Related Website: www.lakewoodpubliclibrary.org/jacl
The mission of the Sho-jo-ji Japanese Dancers is to preserve, teach, and perform classical and folk dances from Japan.
Currently the group includes of Nisei, Sansei and Yonsei, second, third, and fourth generation from Japan. The group has performed for events in Oberlin, Painesville, Strongsville and Columbus. For over fifty years, the Sho-jo-ji Japanese Dancers have performed at festivals, special events, schools, and universities in Ohio. The group incorporates volunteers whose efforts carry out the mission. The Japanese American Citizens League of Cleveland sponsors the dancers. The group started in 1956, with three very talented Japanese immigrants, Linda Omura, Yoshiko Baker, and Dolly Semonco. Each dancer brought their own knowledge of Japanese dance; the classical Nishikawa School of Japanese dance, experience from the Takarazuka Dance Troupe, Japanese folk dance and ballet. This eclectic blend of styles is performed by the existing members of the group. Donations of time and money are welcome.
The dancers wear the traditional costume of Japan, a vibrant kimono, dress, which is tied with a brocaded obi, belt.

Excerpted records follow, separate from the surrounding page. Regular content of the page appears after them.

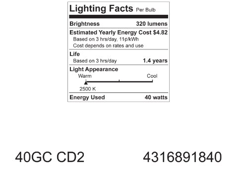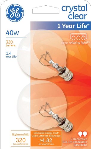 GE Lighting 17730 40-Watt Candelabra G16.5 Globe Bulbs, Crystal Clear, 2-Pack
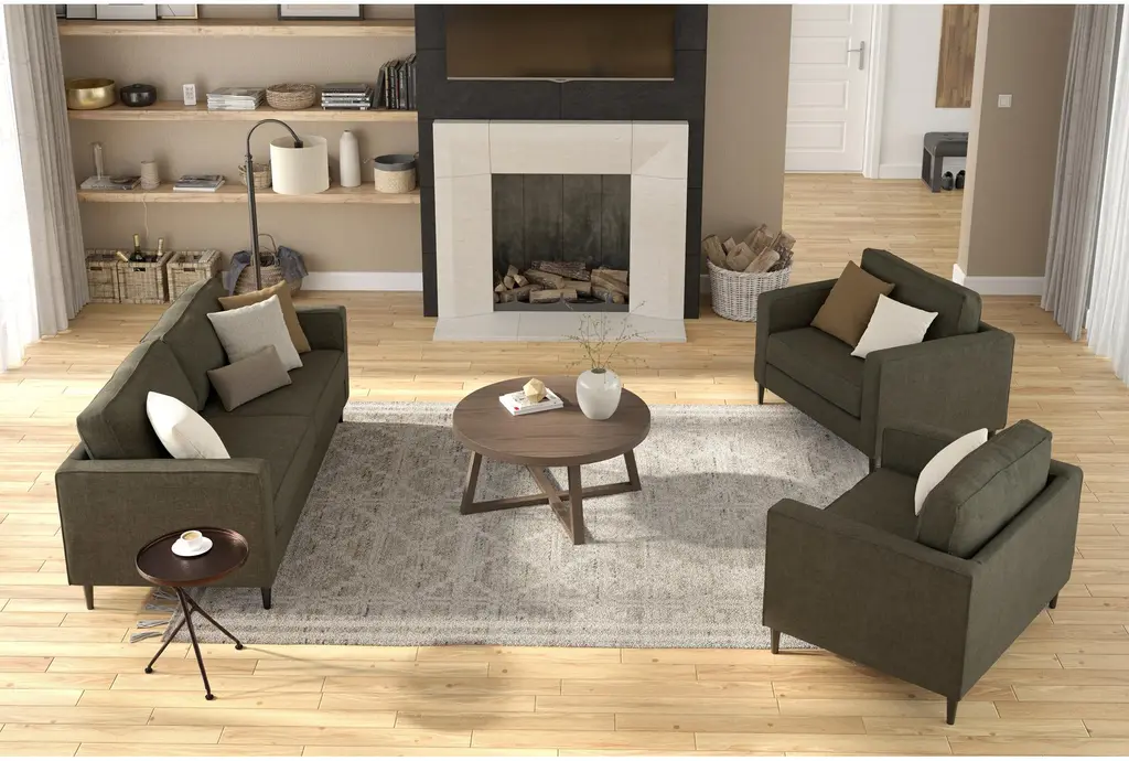 Calais Iii Green Modern 3 Piece Sofa|2 Chair Set
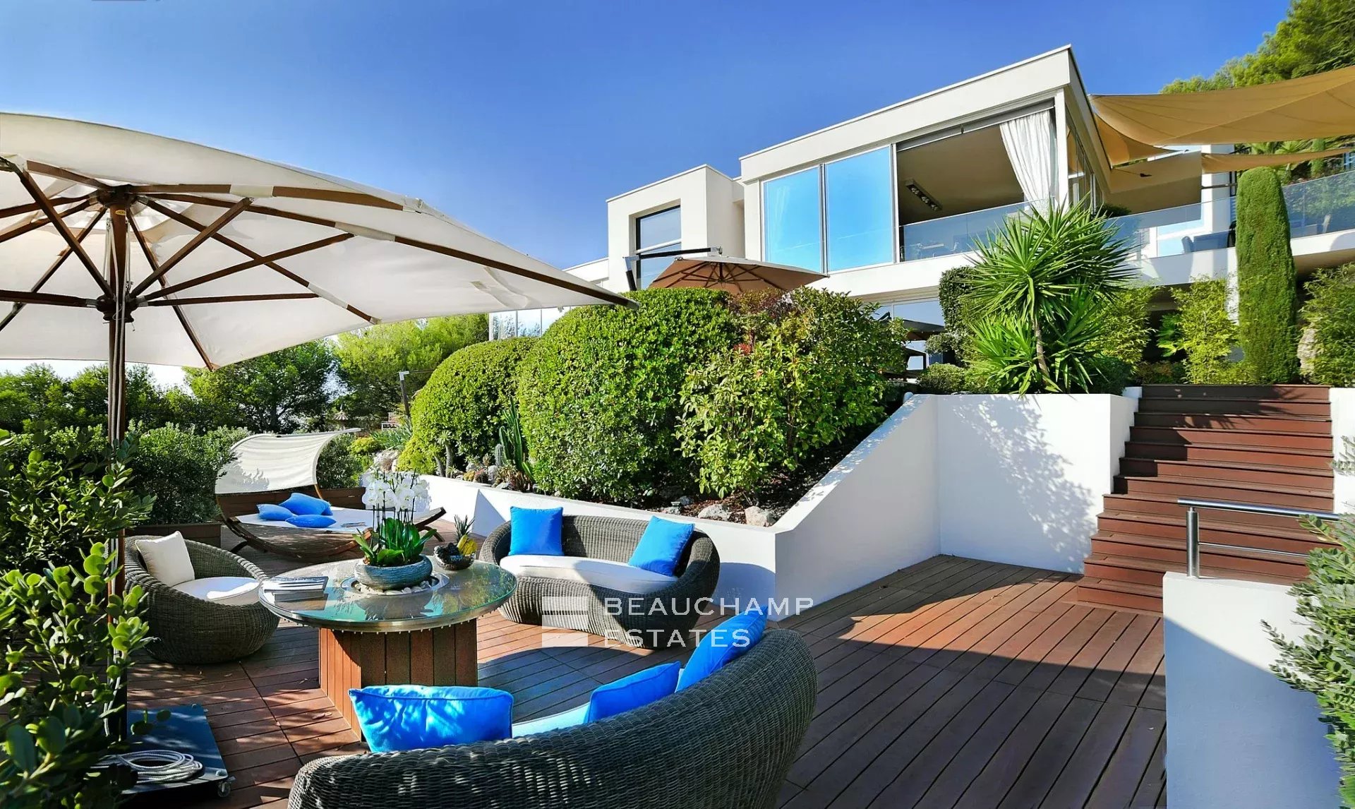 • 5 other individually designed bedrooms/bathrooms, each with a sunny terrace and sea views.

Over 200 rules of proper dress and movement in the kimono influence the art of classical dance in Japan.
Most of the Japanese Classical Dances performed by the Sho-jo-ji Japanese Dancers are from the mid 1800’s. At that time, Japanese dance underwent a reformation from the Noh and Kabuki theatres and many artists formed their own schools. Brightly colored fans and delicate tissue-paper parasols are used with graceful gestures to depict the stories and moods of the dances.
Japanese folk dances are repeated movements danced in a circle moving in a counter clockwise manner. We encourage the members of the audience to join our circle and dance with us. These are the same folk dances that have been enjoyed at celebrations for centuries. The most well-known folk dance is Tanko Bushi, the coalminer’s dance.

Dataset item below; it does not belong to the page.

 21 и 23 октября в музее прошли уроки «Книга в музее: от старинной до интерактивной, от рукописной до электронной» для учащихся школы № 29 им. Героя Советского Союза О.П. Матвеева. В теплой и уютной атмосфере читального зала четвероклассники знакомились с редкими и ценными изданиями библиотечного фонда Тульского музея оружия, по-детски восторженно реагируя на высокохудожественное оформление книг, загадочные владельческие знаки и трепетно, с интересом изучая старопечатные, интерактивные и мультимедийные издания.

Kimono: Description and dressing of member(s) of the audience in a kimono with obi. Could provide a short fashion show.
Origami: The art of folding paper into animals, flowers, etc.
The group needs a dressing room for one hour before the performance. The smallest comfortable size of a performance area is 6’ wide by 4’ deep. However, we can adjust our dances to any size of the stage area. A microphone with adequate amplification is needed if you would like us to announce our dances. Our music is recorded on a CD. We can bring our own portable CD player, if needed.